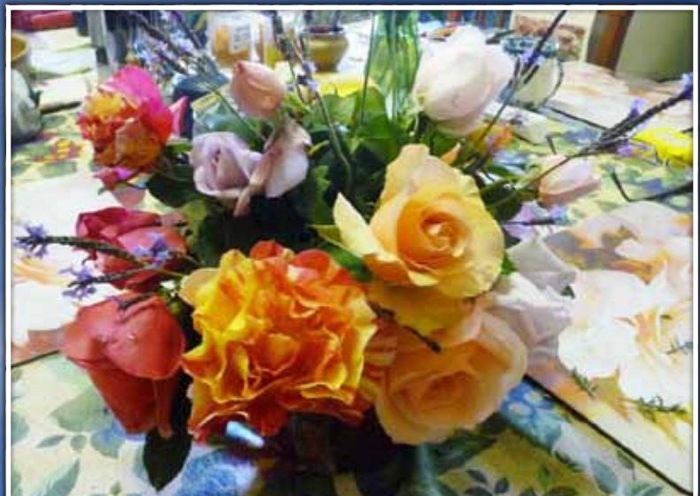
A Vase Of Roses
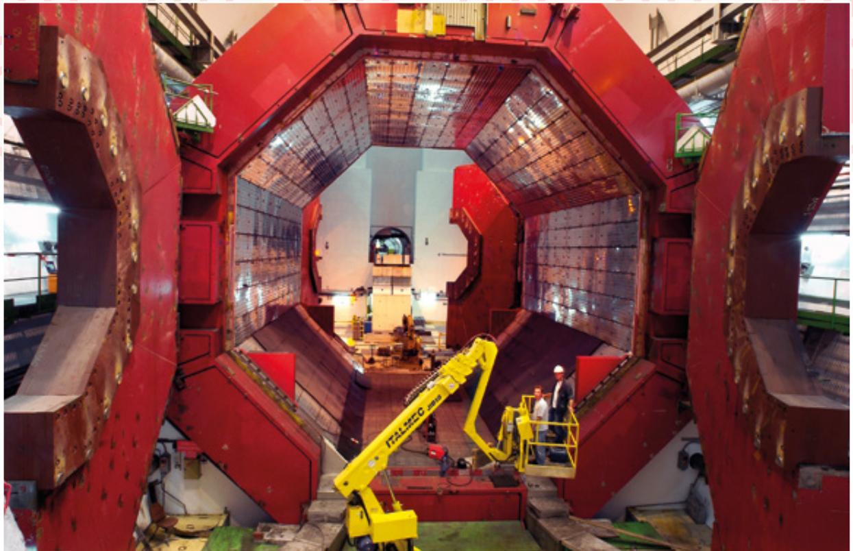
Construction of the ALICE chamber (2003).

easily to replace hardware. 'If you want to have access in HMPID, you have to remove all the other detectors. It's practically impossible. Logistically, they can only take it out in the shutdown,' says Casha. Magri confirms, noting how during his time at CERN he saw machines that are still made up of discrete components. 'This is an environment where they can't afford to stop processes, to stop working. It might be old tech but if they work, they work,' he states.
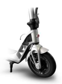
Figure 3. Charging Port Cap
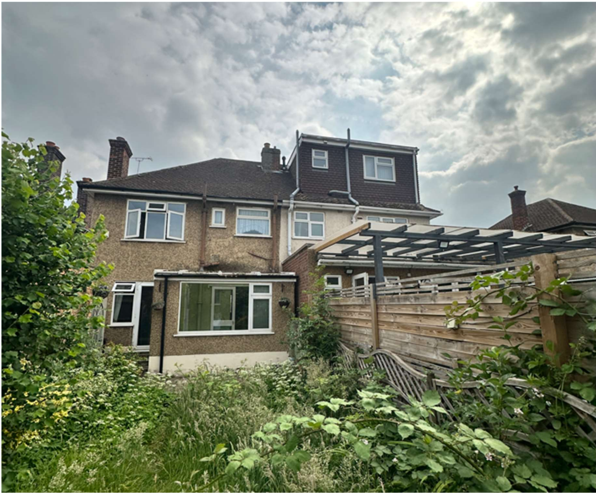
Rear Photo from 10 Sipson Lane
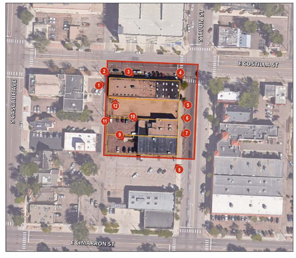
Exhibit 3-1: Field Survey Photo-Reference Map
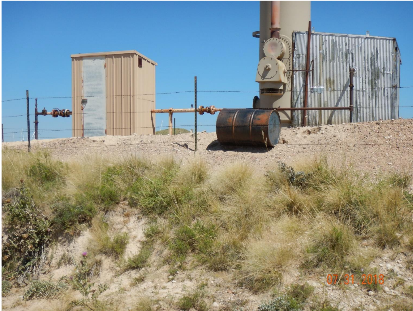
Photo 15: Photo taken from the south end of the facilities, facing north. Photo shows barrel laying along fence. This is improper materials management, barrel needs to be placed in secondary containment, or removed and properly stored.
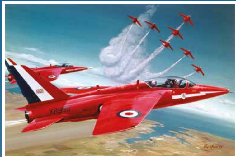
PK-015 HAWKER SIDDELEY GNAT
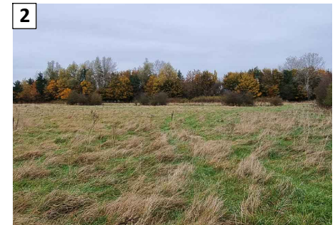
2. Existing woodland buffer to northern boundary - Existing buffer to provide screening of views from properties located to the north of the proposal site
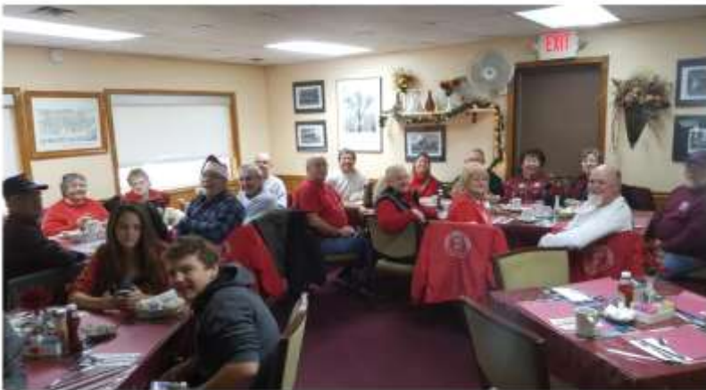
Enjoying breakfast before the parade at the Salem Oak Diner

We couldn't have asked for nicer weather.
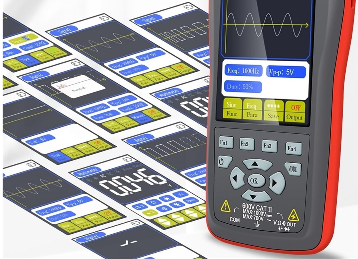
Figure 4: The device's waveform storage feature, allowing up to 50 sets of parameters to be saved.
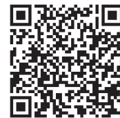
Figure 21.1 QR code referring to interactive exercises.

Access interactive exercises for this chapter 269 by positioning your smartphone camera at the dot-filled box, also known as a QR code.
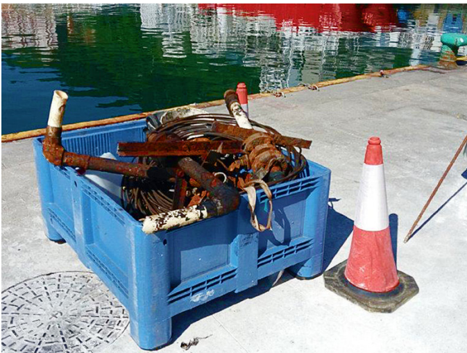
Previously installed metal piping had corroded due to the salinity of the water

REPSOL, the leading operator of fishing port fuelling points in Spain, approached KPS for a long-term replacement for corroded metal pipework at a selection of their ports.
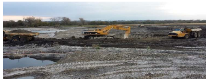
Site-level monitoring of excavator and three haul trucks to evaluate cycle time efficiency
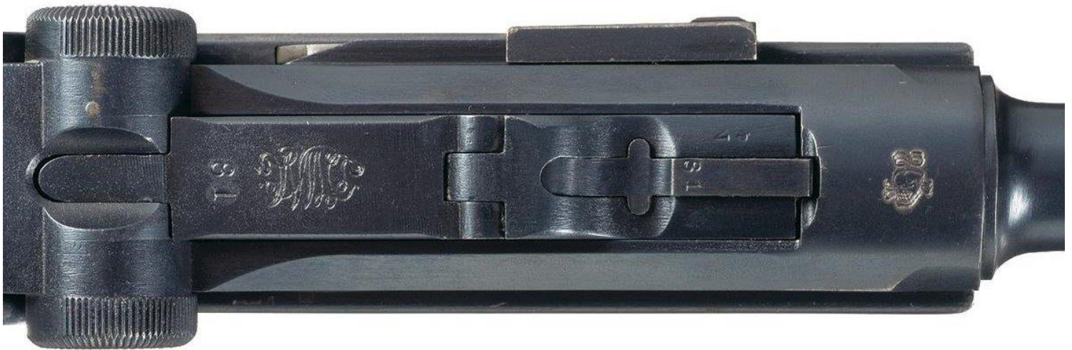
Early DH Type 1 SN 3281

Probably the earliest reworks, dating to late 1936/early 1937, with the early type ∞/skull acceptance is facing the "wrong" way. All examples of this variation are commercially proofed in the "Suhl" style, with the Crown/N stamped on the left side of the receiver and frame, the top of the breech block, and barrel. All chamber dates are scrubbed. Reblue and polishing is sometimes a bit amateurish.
=====
Starting at the line that contains "Figure 4: The", write out every line through the end of the entries, both ends included, without any pictures.

Figure 4: The device's waveform storage feature, allowing up to 50 sets of parameters to be saved.
Figure 21.1 QR code referring to interactive exercises.

Access interactive exercises for this chapter 269 by positioning your smartphone camera at the dot-filled box, also known as a QR code.
Previously installed metal piping had corroded due to the salinity of the water

REPSOL, the leading operator of fishing port fuelling points in Spain, approached KPS for a long-term replacement for corroded metal pipework at a selection of their ports.
Site-level monitoring of excavator and three haul trucks to evaluate cycle time efficiency
Early DH Type 1 SN 3281

Probably the earliest reworks, dating to late 1936/early 1937, with the early type ∞/skull acceptance is facing the "wrong" way. All examples of this variation are commercially proofed in the "Suhl" style, with the Crown/N stamped on the left side of the receiver and frame, the top of the breech block, and barrel. All chamber dates are scrubbed. Reblue and polishing is sometimes a bit amateurish.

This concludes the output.